**Assignment:** Print the listing below exactly, minus its pictures.

**Data below:**
= Beginning of Section =
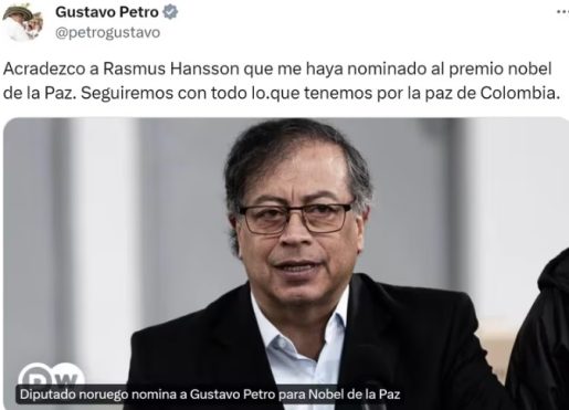 El presidente Petro agradeció a través de su cuenta oficial de la red social X la nominación hecha por el diputado. “Agradezco a Rasmus Hansson que me haya nominado al premio nobel de la Paz. Seguiremos con todo lo que tenemos por la paz de Colombia”, escribió el mandatario colombiano.
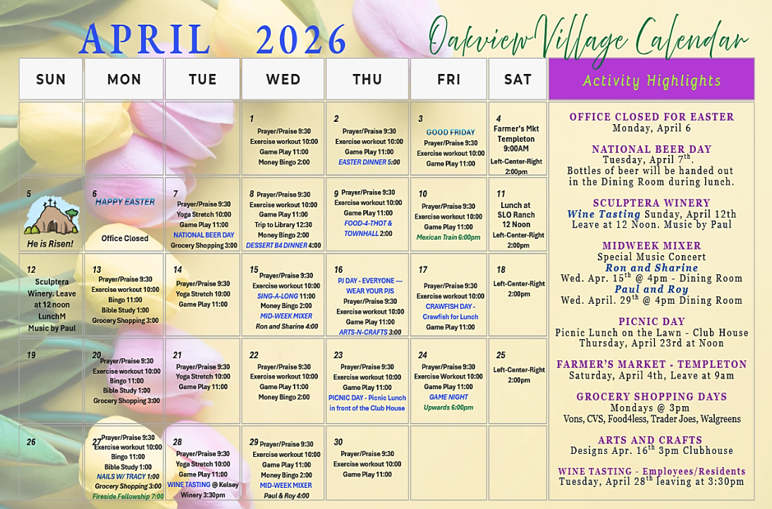 Back to All Events April 2026 Activity Calendar Wednesday, April 1, 2026 12:01 AM Thursday, April 30, 2026 11:59 PM Google Calendar ICS
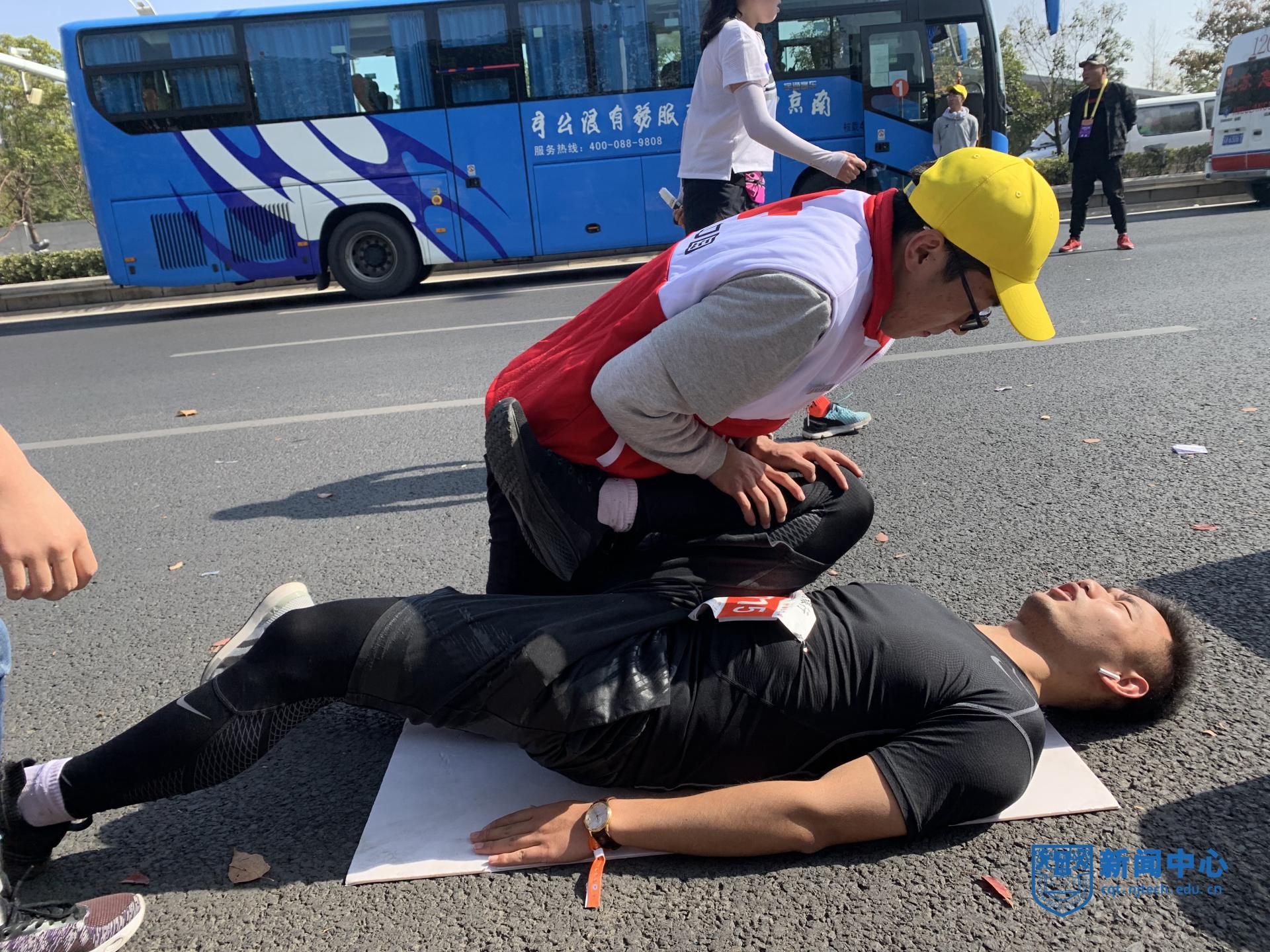 此次马拉松比赛,伤员的伤情大多集中在大小腿抽筋、肌肉拉伤上,米乐志愿者积极救助,并伴以适当的人文关怀,尽力让受伤的选手们感到温暖。上午11点左右,在36km医疗点附近一名外国跑者倒地呕吐,志愿者张正和张晓敏第一时间发现,做好紧急处理后,并立即叫来救护车人员,随后将伤者抬上担架送到救护车上进行救治,其间救护车志愿者杨浩帆充当翻译,志愿者吕坤昆全程陪同,确保伤者的生命安全。
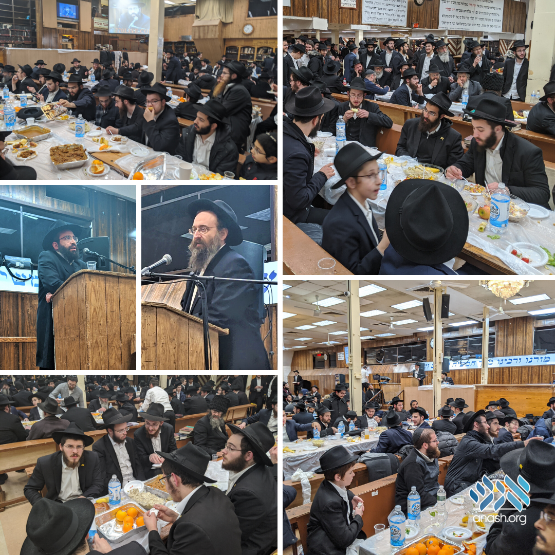 The farbrengen was addressed by Rabbi Yosef Yeshaya Braun member of Crown Heights Beis Din, Rabbi Zalman Hertzel author of the book נישואי הנשיאים, and Rabbi Yankel Chazan.
= End of Section =
**Response box:**
 El presidente Petro agradeció a través de su cuenta oficial de la red social X la nominación hecha por el diputado. “Agradezco a Rasmus Hansson que me haya nominado al premio nobel de la Paz. Seguiremos con todo lo que tenemos por la paz de Colombia”, escribió el mandatario colombiano.
 Back to All Events April 2026 Activity Calendar Wednesday, April 1, 2026 12:01 AM Thursday, April 30, 2026 11:59 PM Google Calendar ICS
 此次马拉松比赛,伤员的伤情大多集中在大小腿抽筋、肌肉拉伤上,米乐志愿者积极救助,并伴以适当的人文关怀,尽力让受伤的选手们感到温暖。上午11点左右,在36km医疗点附近一名外国跑者倒地呕吐,志愿者张正和张晓敏第一时间发现,做好紧急处理后,并立即叫来救护车人员,随后将伤者抬上担架送到救护车上进行救治,其间救护车志愿者杨浩帆充当翻译,志愿者吕坤昆全程陪同,确保伤者的生命安全。
 The farbrengen was addressed by Rabbi Yosef Yeshaya Braun member of Crown Heights Beis Din, Rabbi Zalman Hertzel author of the book נישואי הנשיאים, and Rabbi Yankel Chazan.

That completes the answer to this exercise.